The agency’s report describes problems with how the scaffolding was erected (e.g., walk boards not secured, guardrails not attached) which led directly to the worker’s death. The investigators also examined the circumstances by which the worker was hired for the job, a factor not typically addressed head-on in these Fatality Assessment and Control Evaluation (FACE) reports. My memory about the day laborer being hired as a gardener was off the mark. The California FACE program investigators write:

“The home owner had asked his gardener if he knew anyone who could reface the exterior of his home with a stone and stucco facade. The gardener hired the victim from a street corner to perform the work. …Day laborers are workers who meet at well-known locations, usually public street corners or commercial parking lots, and wait for building contractors, landscapers, home owners, and other potential employers to offer work.

Day laborers include undocumented immigrants from Mexico and Central America who are unable to gain formal employment because of their legal status. Day laborers are often willing to work regardless of potential hazards that may be present on the job site and may not be aware of or able to notify their employers if they are concerned about their working conditions. Most day laborers have received little, if any, safety training in the work they are hired to perform.”

Everyday in the U.S., an estimated 117,600 individuals are working as day laborers or seeking a day labor job. More than 90% are hired directly by homeowners or renters, and construction contractors.

The California FACE investigators note:

“Employers, including homeowners, who hire day laborers to perform hazardous work must provide a safe and healthy work environment and ensure that they are capable of understanding and performing all of the safety aspects related to their work. Organizations that offer workplace safety training to day laborers include the
Construction Safety Council (CSC), La Raza Centro Legal Program in San Francisco,
the City of Los Angeles Day Laborer Centers, Instituto de Educación Popular del Sur de
California (IDEPSCA), and the National Day Laborer Organizing Network (NDLON).
Day laborers who have undergone such training are more likely to be familiar with and
implement safe work practices. Likewise, homeowners who use licensed contractors
for the specific type of work to be performed are more likely to be assured that
employees are trained in and familiar with safe work practices.”
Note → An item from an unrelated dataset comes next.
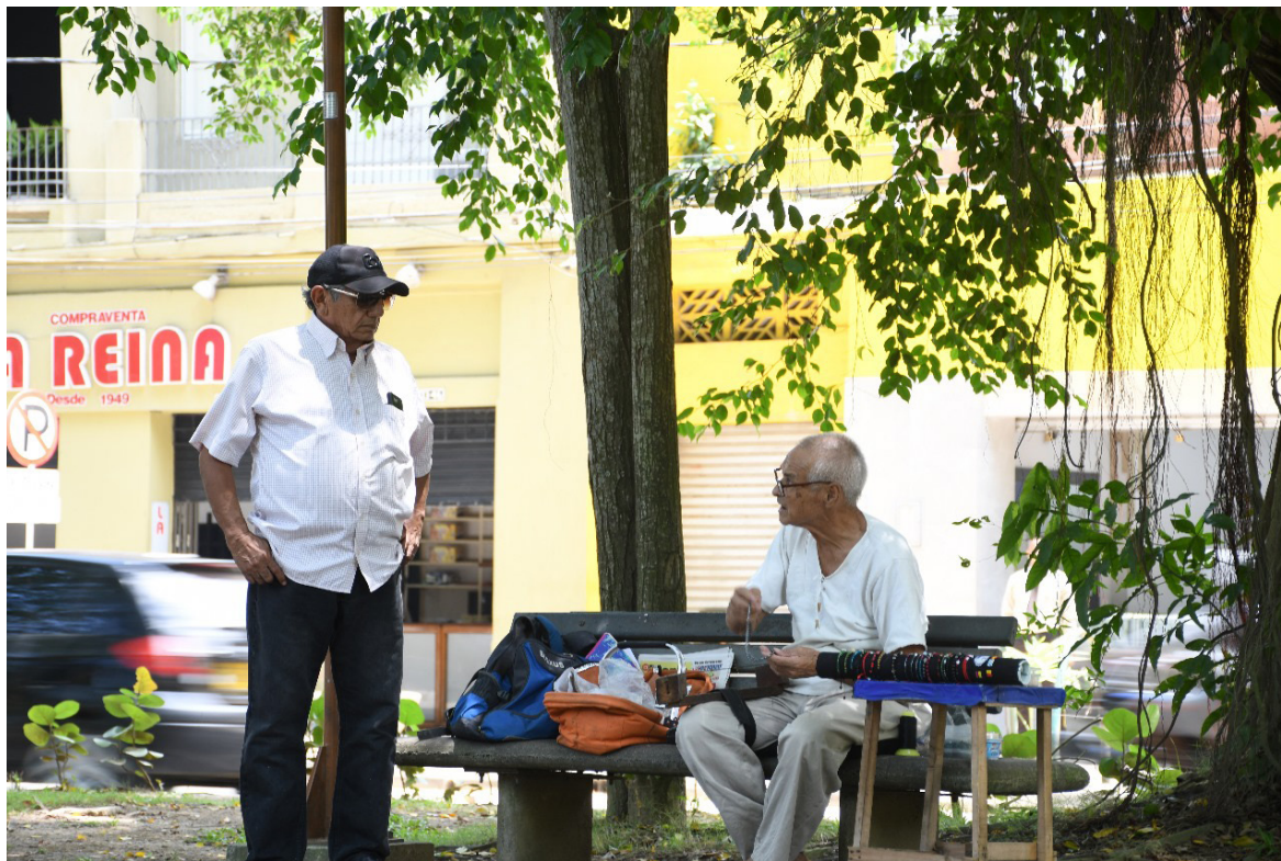
Figura 27. Transacciones ciudadanas.

Last week, the film “A Better Life” was screened at a national gathering of 300 day laborers who met in Los Angeles for NDLON’s annual convening. KPCC radio’s Leslie Berestein Rojas interviewed one participant who offered his thoughts about workplace hazards:

“…In the case of (Carlos) in the film last night, when he was climbing up the palm tree, it was hard to climb up there, but we do all of that. For us it’s difficult, because we risk our lives, I can tell you that. Like with me, when I work on roofs, we have to be very concentrated on what we are doing, because one slip and we go down, and that is the end of us. We risk everything, because we don’t have health insurance and we don’t have any kind of protection. Here we work in God’s hands.”

3 thoughts on “When the Academy Awards reminded me of the death of a day laborer

  1. This reminds me of the awful death of Orlando Hernandez, a DC-area day laborer hired by Takoma Park homeowners who was killed while trimming trees when the ladder he was using touched a high-voltage power line. http://wapo.st/ptcZSN

    People who hire day laborers for odd jobs around their homes may not think ahead to potential hazards, like contact with power lines. I’m sure the homeowners in this case are devastated by Hernandez’s death and wish they’d thought ahead.

  2. Wouldn’t the home owners policy cover these accidents, after all these people are invitied “visitors” on the property?

  3. One would think this accident would be covered under a standard homesowner’s policy — the individual is an invitied guest.